● THE DATA
^^^^

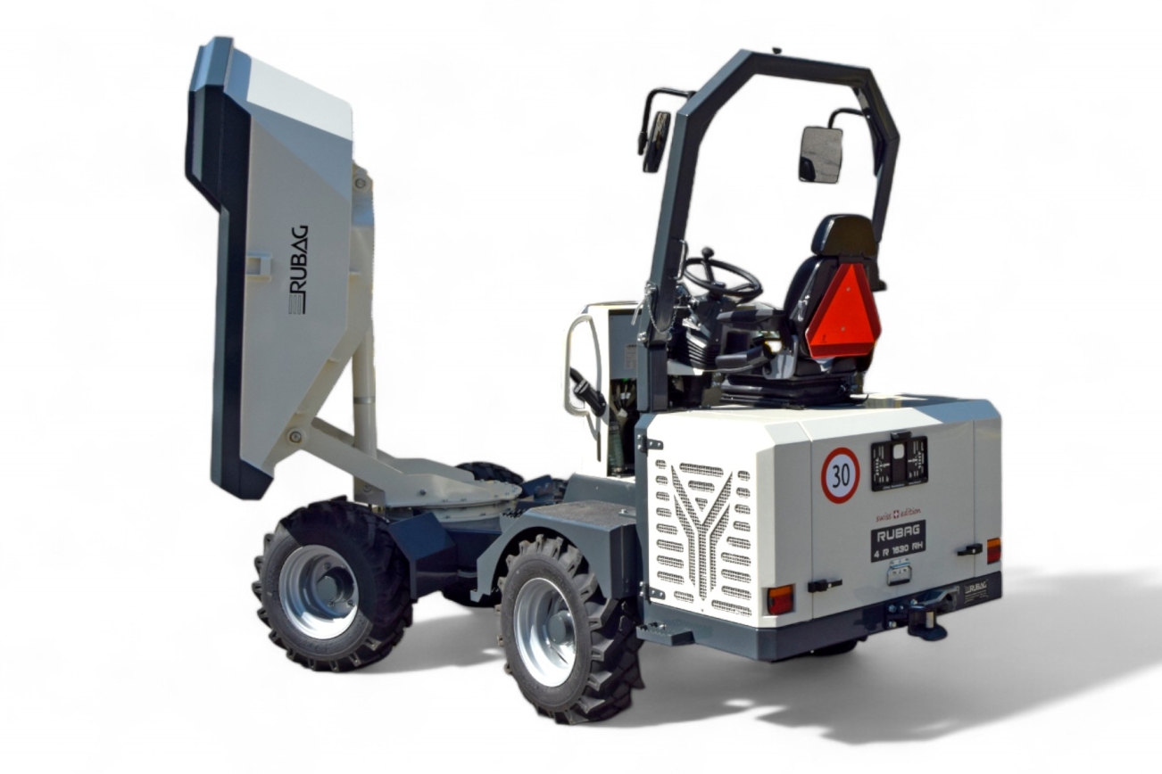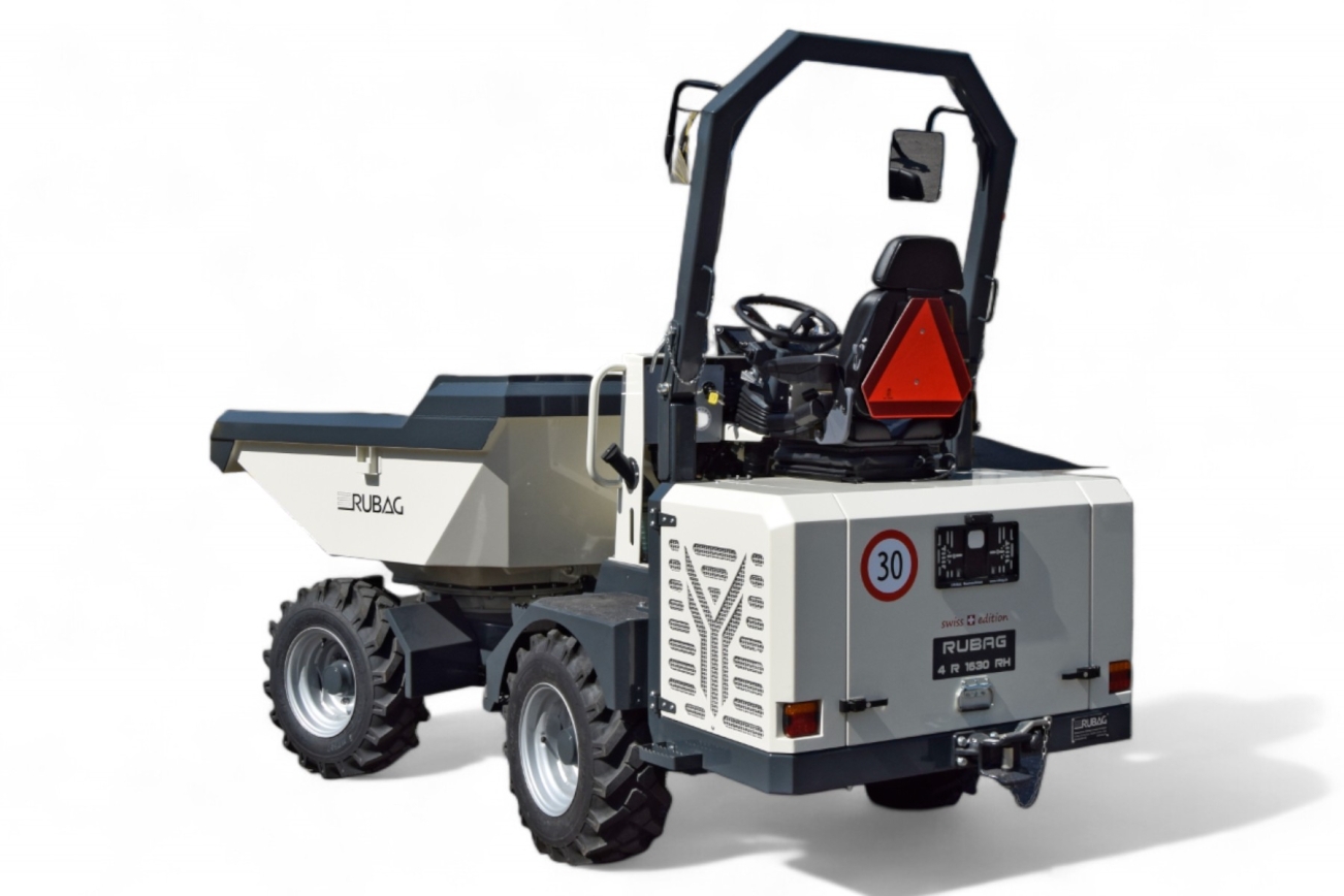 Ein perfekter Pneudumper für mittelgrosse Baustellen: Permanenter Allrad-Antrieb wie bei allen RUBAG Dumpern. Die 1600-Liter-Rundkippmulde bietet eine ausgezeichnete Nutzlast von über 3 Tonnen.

^^^^

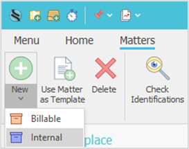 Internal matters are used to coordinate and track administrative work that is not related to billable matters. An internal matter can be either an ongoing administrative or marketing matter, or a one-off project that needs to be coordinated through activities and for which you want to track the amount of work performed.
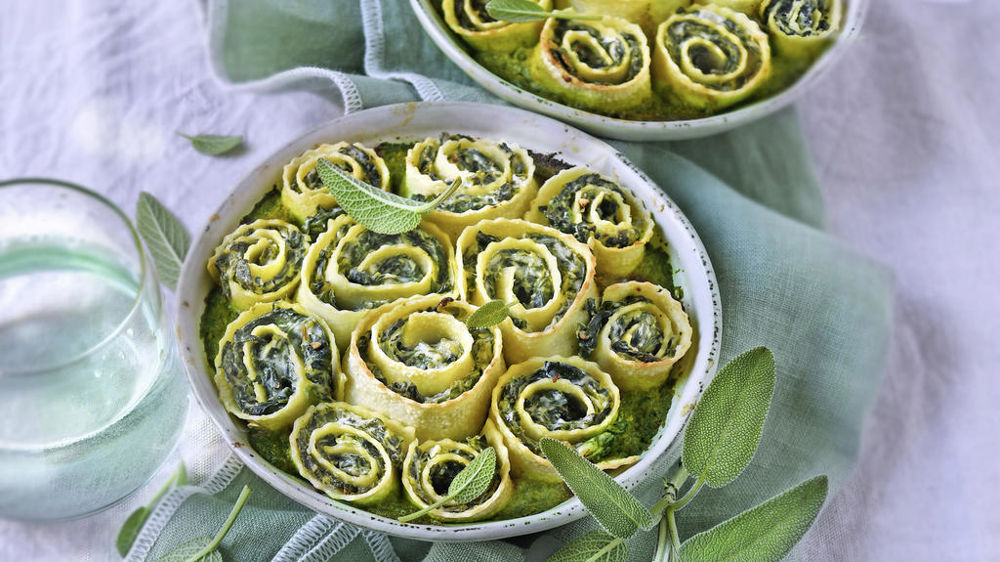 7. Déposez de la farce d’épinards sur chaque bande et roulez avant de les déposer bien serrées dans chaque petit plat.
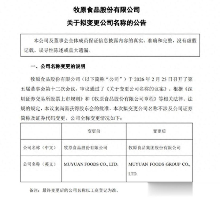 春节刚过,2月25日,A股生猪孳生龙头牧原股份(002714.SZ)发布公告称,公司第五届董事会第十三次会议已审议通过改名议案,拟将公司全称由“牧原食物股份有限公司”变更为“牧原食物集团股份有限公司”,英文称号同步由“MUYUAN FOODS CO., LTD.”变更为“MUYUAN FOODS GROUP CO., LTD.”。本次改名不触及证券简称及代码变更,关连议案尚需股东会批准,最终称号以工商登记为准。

^^^^

● WORK ITEM
Nothing but the lines above from the one that has "Internal matters are" down to the one that has "7. Déposez de" belongs in the answer, copied exactly, without pictures.

● TASK SOLUTION
 Internal matters are used to coordinate and track administrative work that is not related to billable matters. An internal matter can be either an ongoing administrative or marketing matter, or a one-off project that needs to be coordinated through activities and for which you want to track the amount of work performed.
 7. Déposez de la farce d’épinards sur chaque bande et roulez avant de les déposer bien serrées dans chaque petit plat.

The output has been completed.